Many pundits like to point out that the winner of Iowa does not always go ahead to win a party's nomination. This is true. However, Iowa -- a state with three million people where minorities are steeply underrepresented compared to the rest of the nation -- does indeed help shape the outcome of the nomination. Tim Pawlenty is gone due to Iowa, and the same is with Michele Bachmann. Then comes New Hampshire, a state with a mere 1.3 million people where minorities are also grossly underrepresented, and the winner of the nomination is predictable from there onward.

This craziness has to stop for two simple reasons:

First, the above two states according to the 2010 Census have a total population of 4.36 million people, which is less than 1.5% of the country's 308 million people.
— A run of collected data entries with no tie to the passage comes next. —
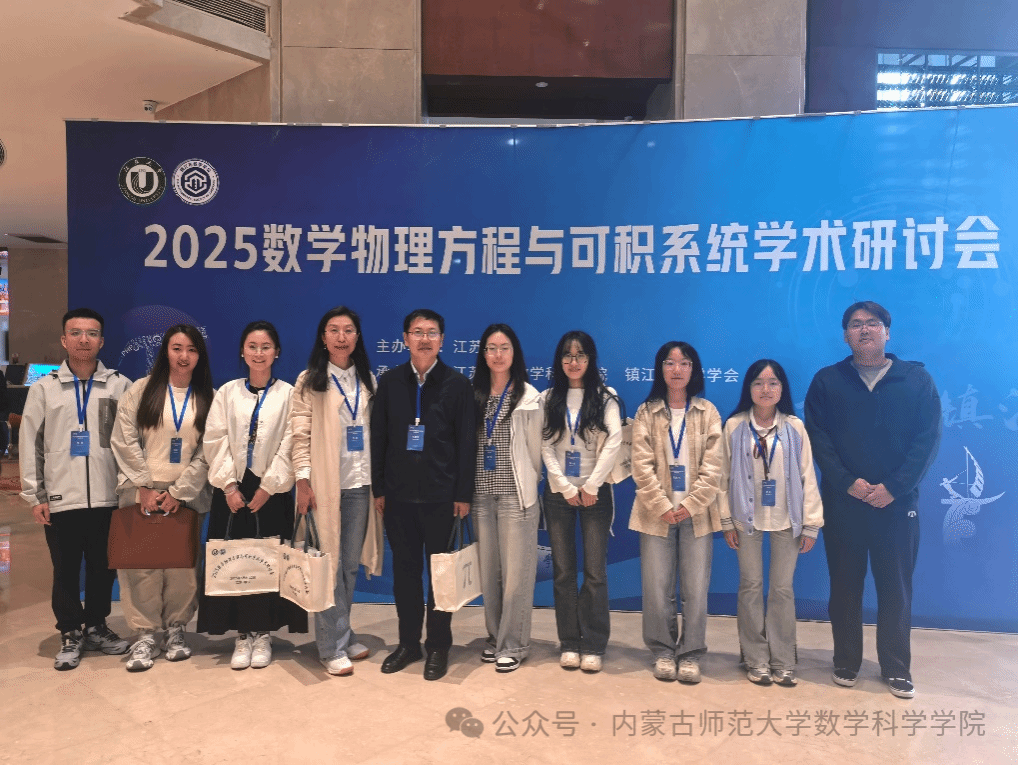 5月9日-12日,2025数学物理方程与可积系统学术研讨会在江苏省镇江市召开。本次会议由江苏大学主办,江苏大学beat365英国官方网站、镇江市数学会承办。来自国内外100余所高校、近220名代表参加会议。beat365扎其劳老师和包霞老师应邀带队及博士研究生乌日乐、王小慧、赵一杰,硕士研究生常春、王丽如等参会,并做分会场学术报告。
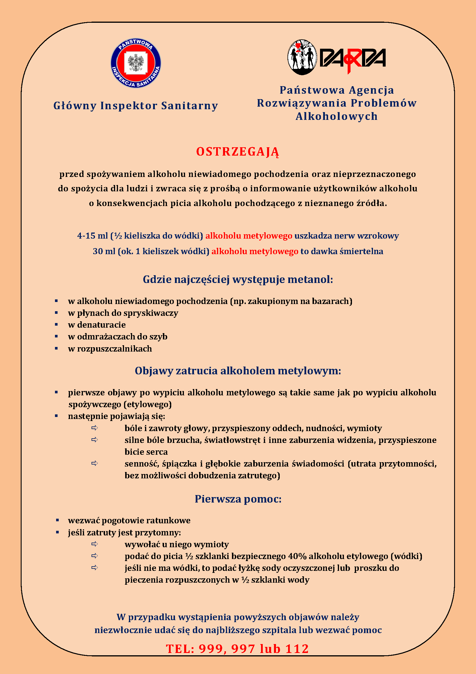 przed spożywaniem alkoholu niewiadomego pochodzenia oraz nieprzeznaczonego do spożycia dla ludzi i zwraca się z prośbą o informowanie pijących alkohol o konsekwencjach picia alkoholu pochodzącego z nieznanego źródła.
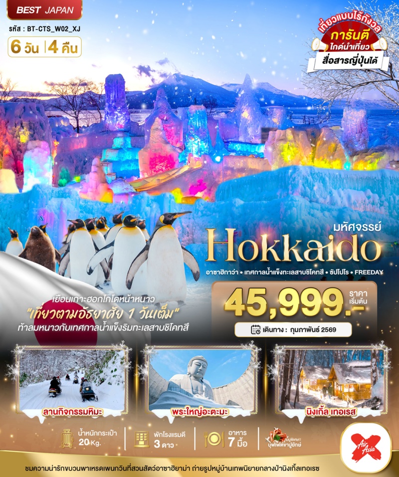 | วันที่ 3 | ลานกิจกรรมหิมะ • สวนสัตว์อาซาฮิยาม่า • ย่านซูซูกิโนะ • บุฟเฟต์ขาปูยักษ์ 3 ชนิด |

If the big states are ready to be controlled by the small ones, we may as well dissolve the House of Representatives where the bigger states have more representatives (versus the Senate, which is in place to give more power to the smaller states).

Second and more importantly, blacks and Hispanics are a mere 7.9% in Iowa and are a poor 3.9% in New Hampshire, versus 28.9% of the nationwide population. On the flip side, the two states respectively consist 91% and 93% of whites and they get to decide who will be the president of a country where whites are only 72.4% of the population. These differences should be grounds for discrimination and civil rights lawsuits to force the parties to change the system in a way that more states, reflective of the overall population, get to vote on the first day of a presidential campaign.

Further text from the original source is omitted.